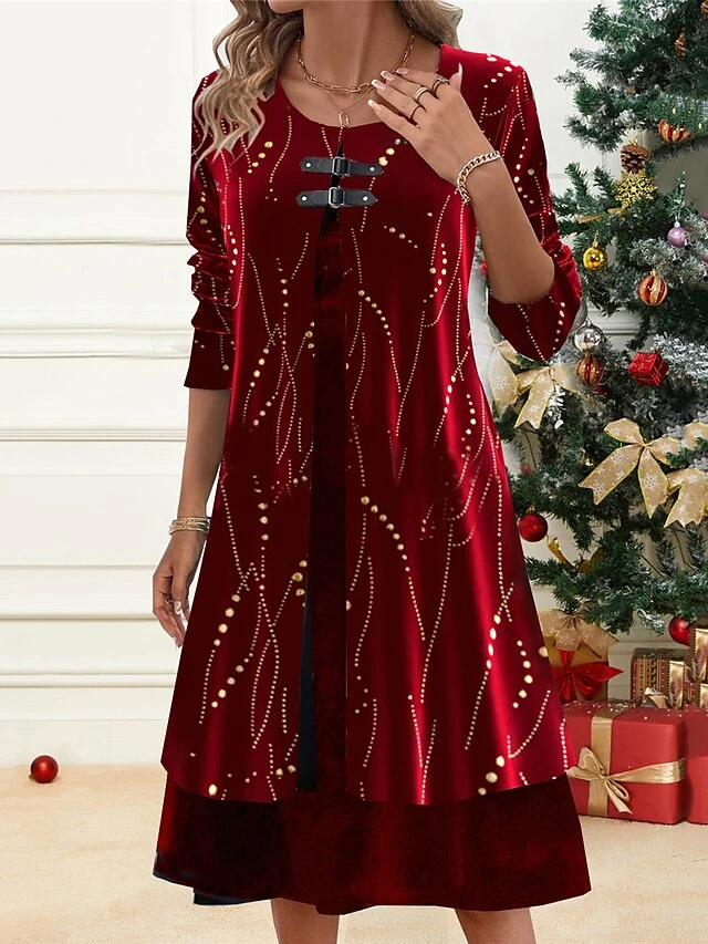 Women’s Christmas Party Dress Black Velvet Dress Cocktail Dress Midi Dress Black Burgundy Royal Blue Long Sleeve Pure Color Patchwork Spring Fall Winter
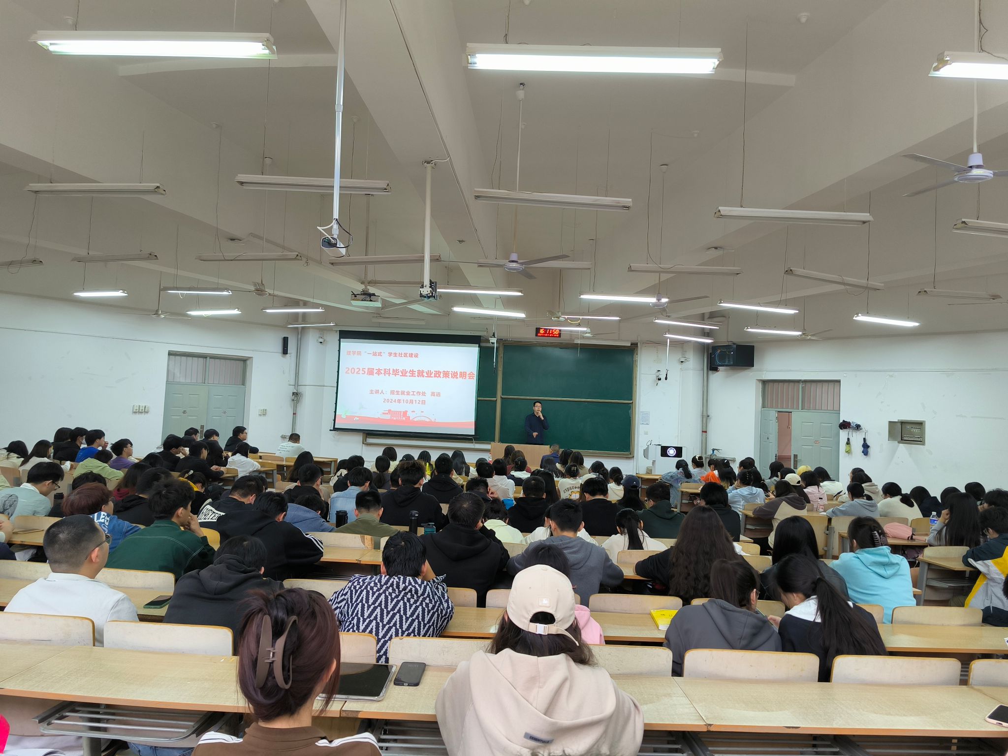 为进一步做好学院2025届毕业生的就业引领工作,帮助毕业生同学熟悉就业政策、了解就业形势、确定就业目标,10月12日下午,理学院在临潼校区教学楼B133室召开“一站式”学生社区2025届本科毕业生就业政策说明会。校招生就业工作处高远受邀参会,学院党委副书记文毅主持会议,毕业生辅导员边冠莉、辅导员宋晓盼以及2025届所有本科毕业生参加会议。
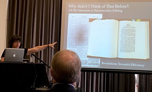 I had the pleasure of being invited by EPP Executive Committee Member, Professor Barbara Oberg, to participate on a panel at the Association for Documentary Editing (ADE) Conference, hosted in Olympia, Washington in late June. Professor Oberg credits her colleague, J. Jefferson Looney, current ADE President and Jefferson scholar, with the panel concept: Why didn't I Think of That Before?: Ah Ha! Moments in Documentary Editing; Oberg assembled a robust group of panelists for the final presentation of the conference. I was honored to participate.
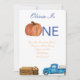 1st birthday pumpkin invitation with blue truck and blue plaid design, easy to edit text.
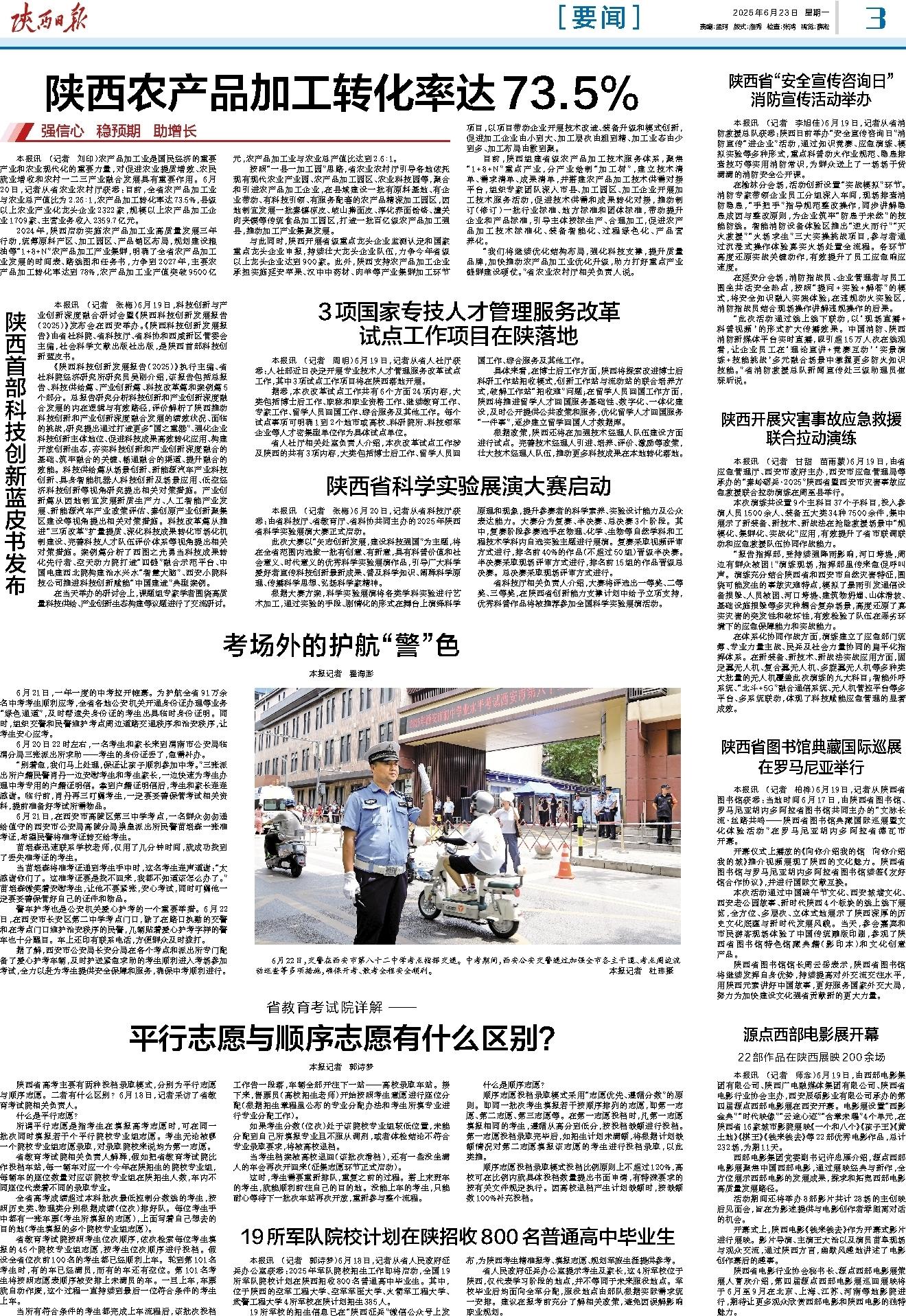 2024年,陕西启动实施农产品加工业高质量发展三年行动,统筹原料产区、加工园区、产品销区布局,规划建设粮油等“1+8+N”农产品加工产业集群,明确了全省农产品加工业发展的时间表、路线图和任务书,力争到2027年,主要农产品加工转化率达到78%,农产品加工业产值突破9500亿元,农产品加工业与农业总产值比达到2.6∶1。

....

Instructions to follow: Write the listing out a second time exactly, dropping all images.

Solution for this exercise:
 Women’s Christmas Party Dress Black Velvet Dress Cocktail Dress Midi Dress Black Burgundy Royal Blue Long Sleeve Pure Color Patchwork Spring Fall Winter
 为进一步做好学院2025届毕业生的就业引领工作,帮助毕业生同学熟悉就业政策、了解就业形势、确定就业目标,10月12日下午,理学院在临潼校区教学楼B133室召开“一站式”学生社区2025届本科毕业生就业政策说明会。校招生就业工作处高远受邀参会,学院党委副书记文毅主持会议,毕业生辅导员边冠莉、辅导员宋晓盼以及2025届所有本科毕业生参加会议。
 I had the pleasure of being invited by EPP Executive Committee Member, Professor Barbara Oberg, to participate on a panel at the Association for Documentary Editing (ADE) Conference, hosted in Olympia, Washington in late June. Professor Oberg credits her colleague, J. Jefferson Looney, current ADE President and Jefferson scholar, with the panel concept: Why didn't I Think of That Before?: Ah Ha! Moments in Documentary Editing; Oberg assembled a robust group of panelists for the final presentation of the conference. I was honored to participate.
 1st birthday pumpkin invitation with blue truck and blue plaid design, easy to edit text.
 2024年,陕西启动实施农产品加工业高质量发展三年行动,统筹原料产区、加工园区、产品销区布局,规划建设粮油等“1+8+N”农产品加工产业集群,明确了全省农产品加工业发展的时间表、路线图和任务书,力争到2027年,主要农产品加工转化率达到78%,农产品加工业产值突破9500亿元,农产品加工业与农业总产值比达到2.6∶1。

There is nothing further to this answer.